• Dataset content
***

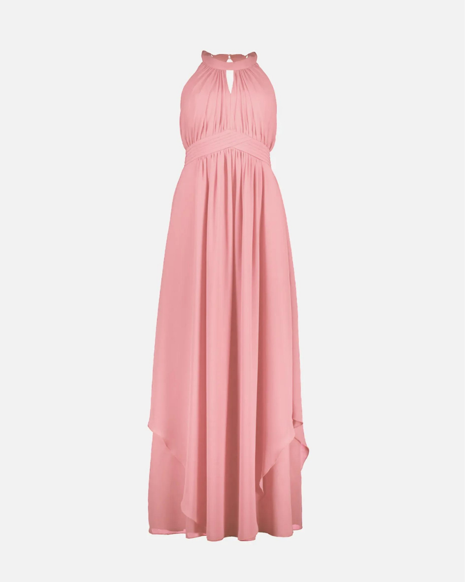 Ankelsid selskapskjole i delikat chiffon. Den har halterneck med liten åpning foran i halsen, 2 knapper i nakken og bred vaffelstrikk i ryggen. Draperte detaljer i midjen. Legg øverst i skjørtet skaper en flatterende silhuett. Skråskjærte detaljer i skjørtet. Tynt fòr. Matchende sjal i chiffon følger med.
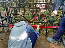Для начала мы срезали ограждение и начертили эскиз уголков, предварительно согласовав свои действия с клиентом. После этого мы дождались одобрения рисунка и приступили к работе.
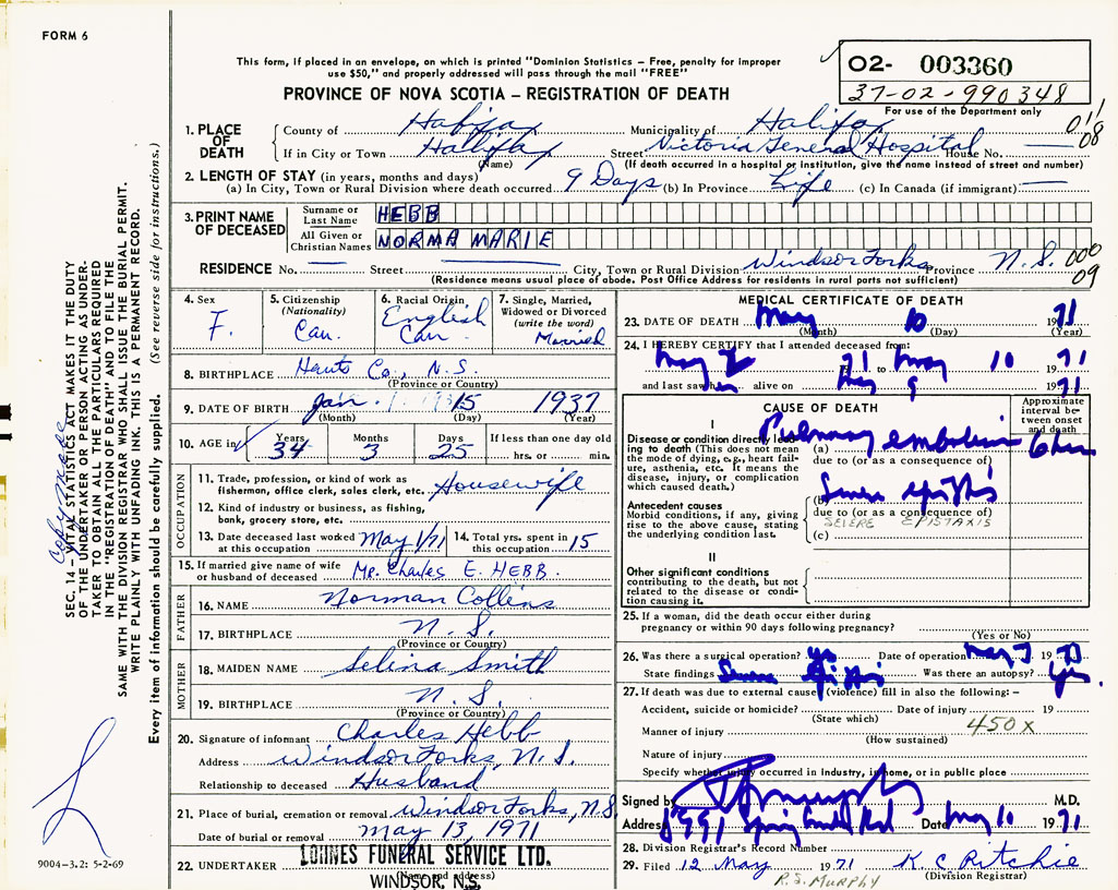 PROVINCE OF NOVA SCOTIA — REGISTRATION OF DEATH

***

• Requirement
Write out the data above in full and exactly, but not the pictures.

• Result of this task
 Ankelsid selskapskjole i delikat chiffon. Den har halterneck med liten åpning foran i halsen, 2 knapper i nakken og bred vaffelstrikk i ryggen. Draperte detaljer i midjen. Legg øverst i skjørtet skaper en flatterende silhuett. Skråskjærte detaljer i skjørtet. Tynt fòr. Matchende sjal i chiffon følger med.
Для начала мы срезали ограждение и начертили эскиз уголков, предварительно согласовав свои действия с клиентом. После этого мы дождались одобрения рисунка и приступили к работе.
 PROVINCE OF NOVA SCOTIA — REGISTRATION OF DEATH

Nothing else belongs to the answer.